++++ Dataset entries
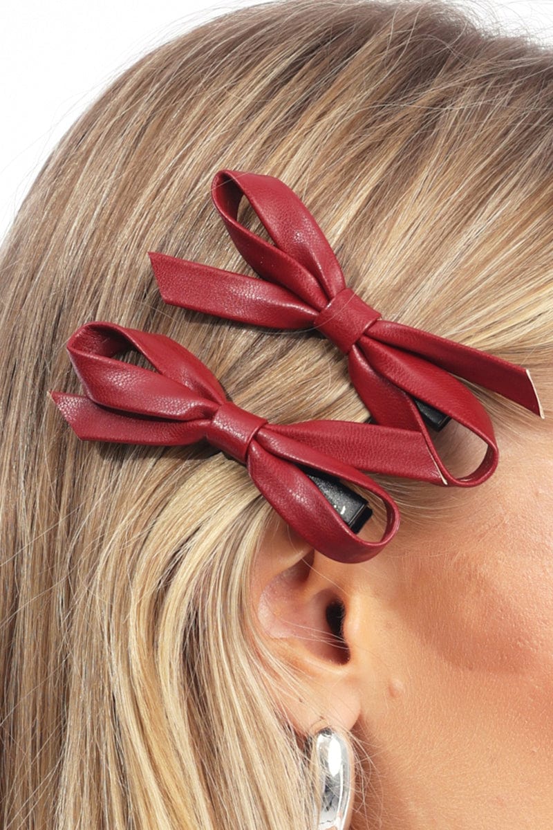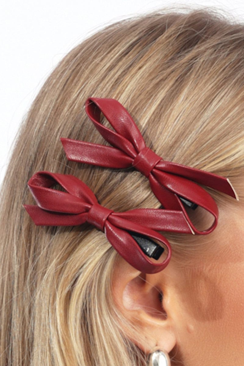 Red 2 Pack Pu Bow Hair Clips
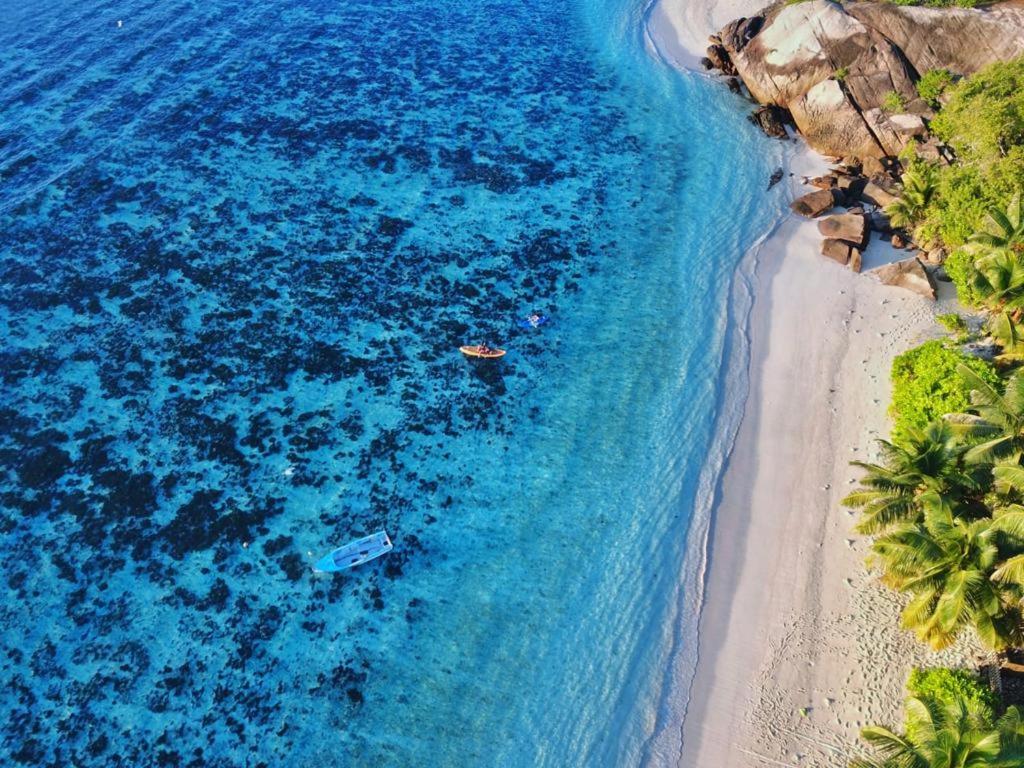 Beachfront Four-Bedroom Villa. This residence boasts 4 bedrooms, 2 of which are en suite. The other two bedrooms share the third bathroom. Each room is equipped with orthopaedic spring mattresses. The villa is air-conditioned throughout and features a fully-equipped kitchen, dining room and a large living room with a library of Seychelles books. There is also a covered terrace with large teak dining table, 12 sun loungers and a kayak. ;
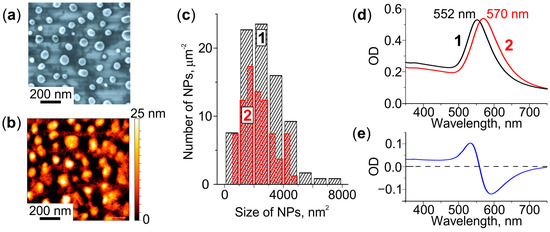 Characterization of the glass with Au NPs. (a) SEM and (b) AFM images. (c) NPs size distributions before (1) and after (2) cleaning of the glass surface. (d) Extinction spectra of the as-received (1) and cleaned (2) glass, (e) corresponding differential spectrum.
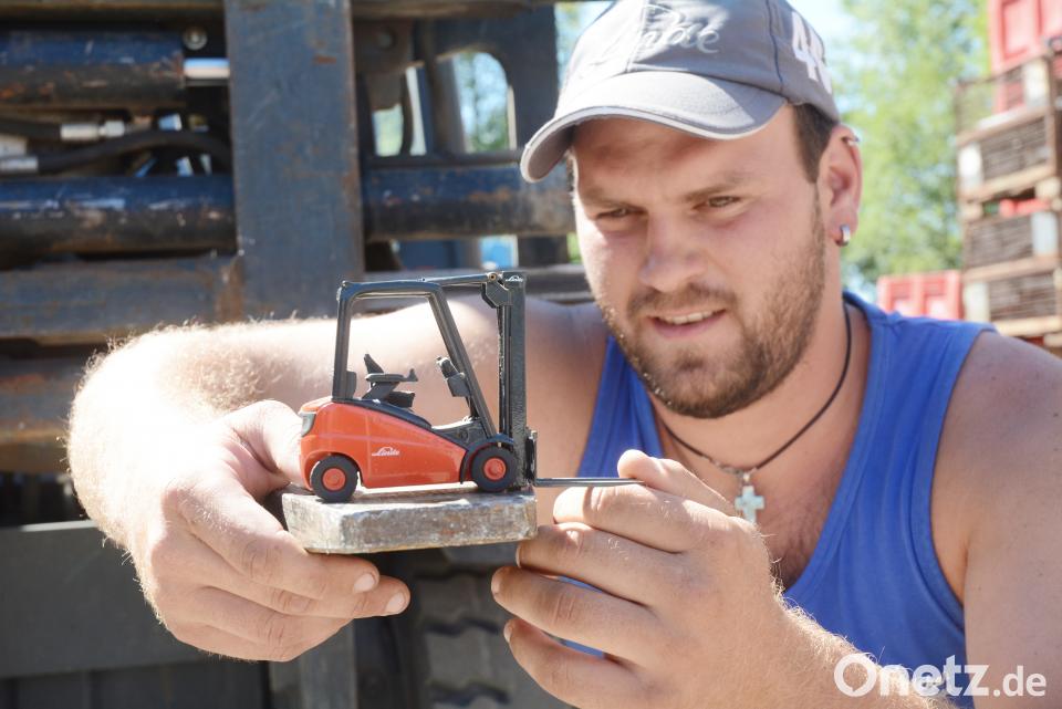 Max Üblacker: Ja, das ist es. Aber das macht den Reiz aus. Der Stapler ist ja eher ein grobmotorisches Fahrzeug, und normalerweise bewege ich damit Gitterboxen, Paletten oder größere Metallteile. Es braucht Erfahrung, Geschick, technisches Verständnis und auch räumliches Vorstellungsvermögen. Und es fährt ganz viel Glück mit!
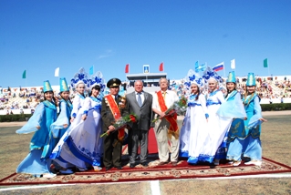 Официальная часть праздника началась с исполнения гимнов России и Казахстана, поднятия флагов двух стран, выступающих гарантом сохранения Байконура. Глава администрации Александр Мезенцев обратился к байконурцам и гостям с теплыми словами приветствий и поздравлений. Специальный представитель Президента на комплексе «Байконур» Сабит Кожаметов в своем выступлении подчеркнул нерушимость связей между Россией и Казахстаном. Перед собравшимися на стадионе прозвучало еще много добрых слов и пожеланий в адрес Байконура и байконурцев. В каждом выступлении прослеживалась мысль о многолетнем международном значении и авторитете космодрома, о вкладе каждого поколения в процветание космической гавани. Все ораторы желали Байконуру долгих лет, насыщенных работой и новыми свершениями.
++++++++
• [Goal of the exercise]
Copy back exactly the lines above from the one containing "Beachfront Four-Bedroom Villa." through the one containing "Max Üblacker: Ja, das", and leave every picture behind.

• [Written reply]
 Beachfront Four-Bedroom Villa. This residence boasts 4 bedrooms, 2 of which are en suite. The other two bedrooms share the third bathroom. Each room is equipped with orthopaedic spring mattresses. The villa is air-conditioned throughout and features a fully-equipped kitchen, dining room and a large living room with a library of Seychelles books. There is also a covered terrace with large teak dining table, 12 sun loungers and a kayak. ;
 Characterization of the glass with Au NPs. (a) SEM and (b) AFM images. (c) NPs size distributions before (1) and after (2) cleaning of the glass surface. (d) Extinction spectra of the as-received (1) and cleaned (2) glass, (e) corresponding differential spectrum.
 Max Üblacker: Ja, das ist es. Aber das macht den Reiz aus. Der Stapler ist ja eher ein grobmotorisches Fahrzeug, und normalerweise bewege ich damit Gitterboxen, Paletten oder größere Metallteile. Es braucht Erfahrung, Geschick, technisches Verständnis und auch räumliches Vorstellungsvermögen. Und es fährt ganz viel Glück mit!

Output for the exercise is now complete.